The MIC of RPE was determined by broth microdilution method using 96-well microtiter plate recommended by Clinical and Laboratory Standard Institute (CLSI), 2015 [15]. The tested isolates were cultured in Mueller–Hinton broth (MHB) supplemented with (for Vibrio spp.) or without 1% NaCl for 4 h and adjusted to a concentration of 106 cfu/mL with fresh MHB supplemented with or without 1% NaCl. Then, 100 µL of bacterial suspension was inoculated into 100 µL of RPE solution at the final concentrations, ranging from 32 to 16,384 µg/mL, and incubated at 30 °C for 18–20 h. After incubation, the MIC values were evaluated by adding 20 µL of 0.1% resazurin solution to each well and incubating them for 4 h at 30 °C. The lowest concentration of RPE that inhibited the growth of isolates was recorded as the MIC value. Bacteria were removed from each well that showed no growth, cultured on Tryptic Soy agar (TSA) supplemented with or without 1% NaCl, and incubated at 30 °C for 18–24 h. The lowest concentration showing no visible growth was taken as MBC value.
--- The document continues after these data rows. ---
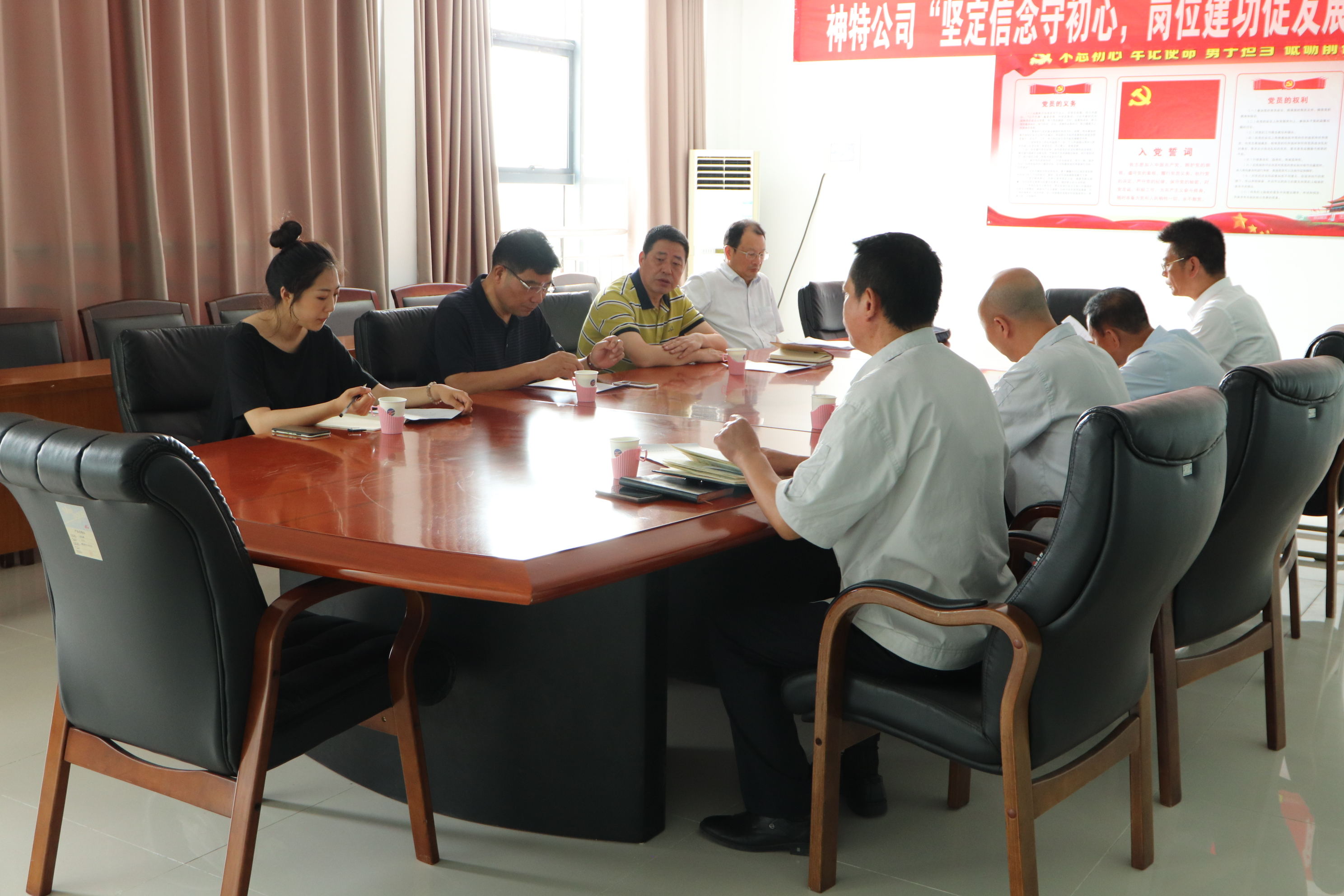 7月12日上午,集團公司黨群工作部部長江舜軍率調(diào)研組一行,到我公司調(diào)研上半年黨建重點工作落實情況,公司黨支部書記鄒德兵、總經(jīng)理韓立新、黨支部副書記袁忠陪同調(diào)研。
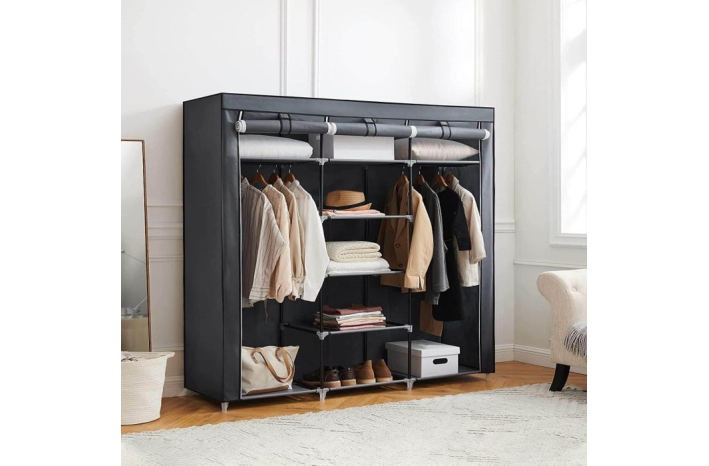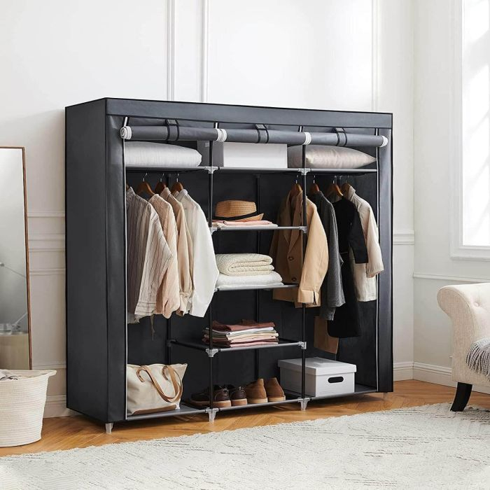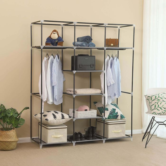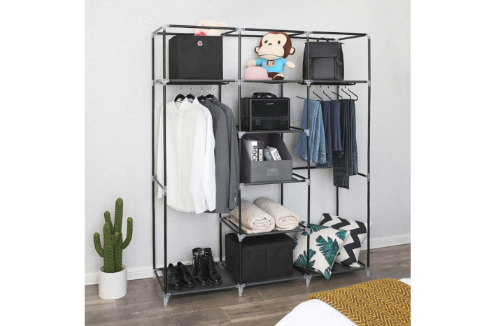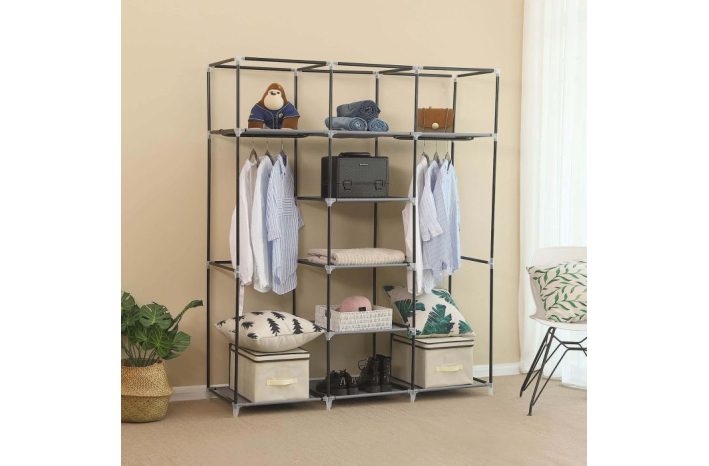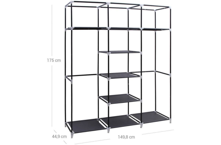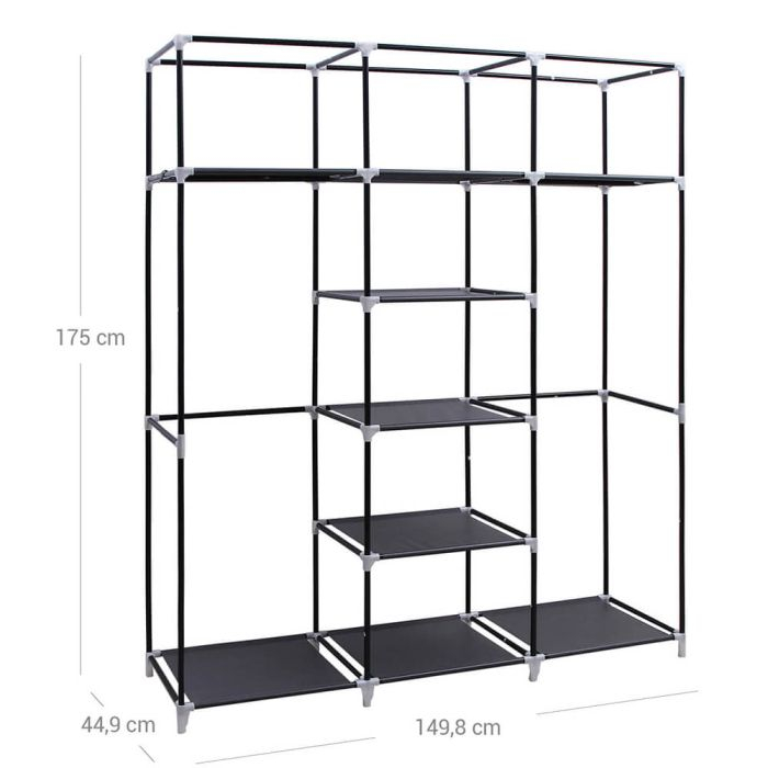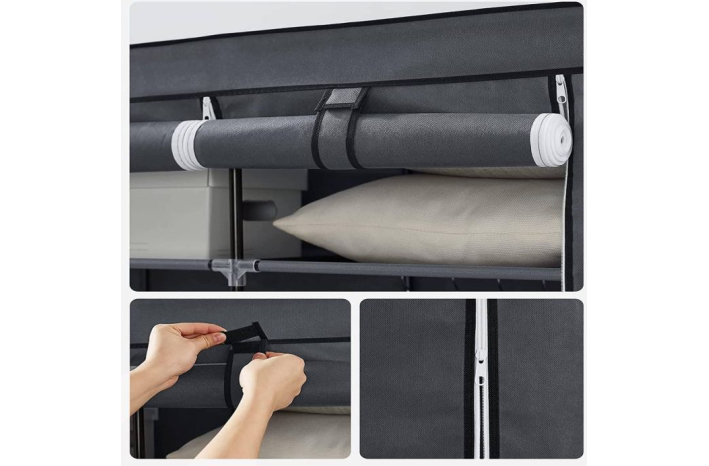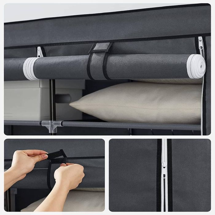 Odlična nosilnost: obešalna palica ima nosilnost 15 kg, plast tkanine pa drži 5 kg, ker je podprta kovinsko cevjo s premerom 16 mm; trdnost in vzdržljivost zložljive omare sta zagotovljeni.
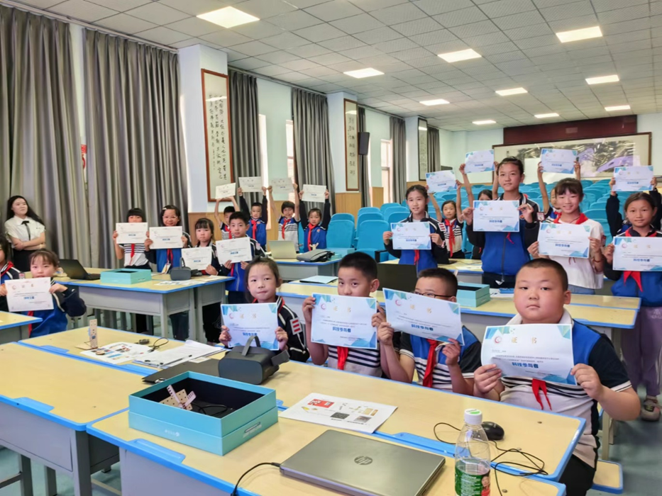 活动中,为了让小学生体验科技的神奇之处,老师还给小朋友们准备了VR眼镜,让他们体验了不同的视听体验。老师为顺利完成实践目标的同学们颁发了证书,勉励他们今后积极学习科学知识,为国家技术产业的发展贡献力量。

2.8. Antioxidant Activity Assays

2,2-diphenyl-1-picrylhydrazyl (DPPH) and 2,2′-azino-bis-(3-ethylbenzothiazoline-6-sulfonic acid) (ABTS) radical scavenging assays of RPE were examined in 96-well microtiter plate using the previous procedure described by Jitpakdee et al. [16].

2.8.1. DPPH Assay

For the DPPH assay, 20 µL of RPE was added into 280 µL of freshly prepared 107.14 µM DPPH solution. Trolox was used as a standard control. The mixture was incubated in dark at room temperature for 30 min and the absorbance was measured at 517 nm with spectrophotometer (LUMIstar, BMGLABTECH, Ortenberg, Germany).

2.8.2. ABTS Assay

The ABTS stock solution was prepared by adding 7 mM of ABTS with 8.75 mM of potassium persulfate and incubated in dark at room temperature for 16 h. Before use, the ABTS stock solution was diluted to 104.14 µM ABTS solution. Then, 20 µL of RPE or standard solution were mixed with 280 µL of 104.14 µM ABTS solution. After being mixed, the plate was incubated in dark at RT for 6 min and the absorbance was measured at 734 nm with spectrophotometer (LUMIstar, BMGLABTECH, Ortenberg, Germany).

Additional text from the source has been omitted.